Equity and 21st-Century Learning
With the beginning of the "Great Minnesota Get-Together" different people are reminded of different things. School administrators are reminded of MCA scores. It is understandable as much can be at stake when we seek validation via test scores. Don't get me wrong - the skills of reading and mathematics are absolutely essential to being good students, workers and citizens. I can't imagine a time when these areas are not central to curriculum and instruction. However, the North Park Leadership Team learned last year from the writing of Dr. Yong Zhao that they are not the only essential skills. From Sir Ken Robinson we learned that sometimes it seems like we have duped ourselves into putting disproportionate emphasis on these two skills - because they are the direct causation of our validation via test scores - that we forget about the big picture. We forget that reading and math do not need to be taught in individual vacuums comprising the whole of the school day. We allow ourselves to forget the majority of the skills our kids will need to master to be functional adults.

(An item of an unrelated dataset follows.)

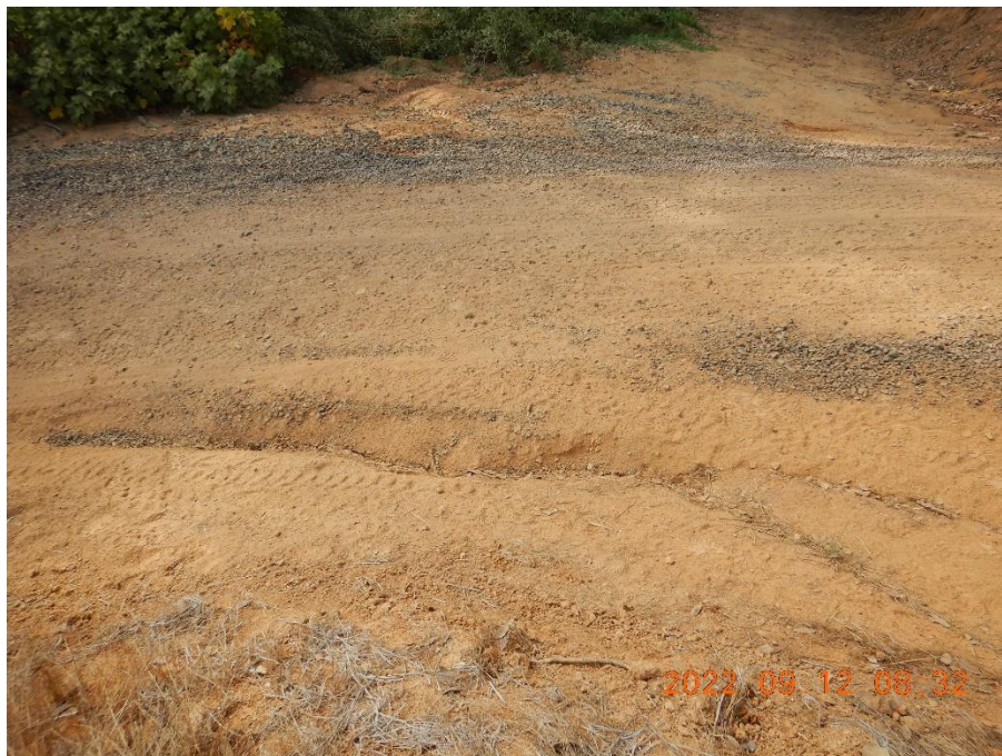
Photo 14—A road in the vicinity of WQ6. Ruts are visible on the road surface.

It does not take years of investigation to determine which schools are most negatively affected by this mindset. The schools that spend six-and-a-half hours teaching mostly reading and math - slower, louder, repetitively - tend to be the schools that have the highest levels of students living in poverty. They tend to be the schools that have majority populations of students of color. They are often the schools that have the fewest students speaking English as a first language. These are the schools that are more likely to spend a disproportionate amount of the day doing interventions focused only on reading and math. As a result, they are less likely to have project based learning or comprehensive music, visual and digital arts programming - learning opportunities that refine skills that we have come to recognize are every bit as important to building a successful life.
By continuing the methodology of More, Faster, Louder and denying students in low performing schools regular opportunities to practice and master the myriad other skills they will need to be successful in a highly competitive workforce, we marginalize the same groups of students over and over again. This marginalization is not just relevant to school, but to life.
To rethink how we attend to improving test scores is to rethink how we attend to improving the quality of learning for all of our students. Providing opportunity for mastery of 21st Century skills is an issue of equity. At North Park, we are committed to providing our students such opportunities.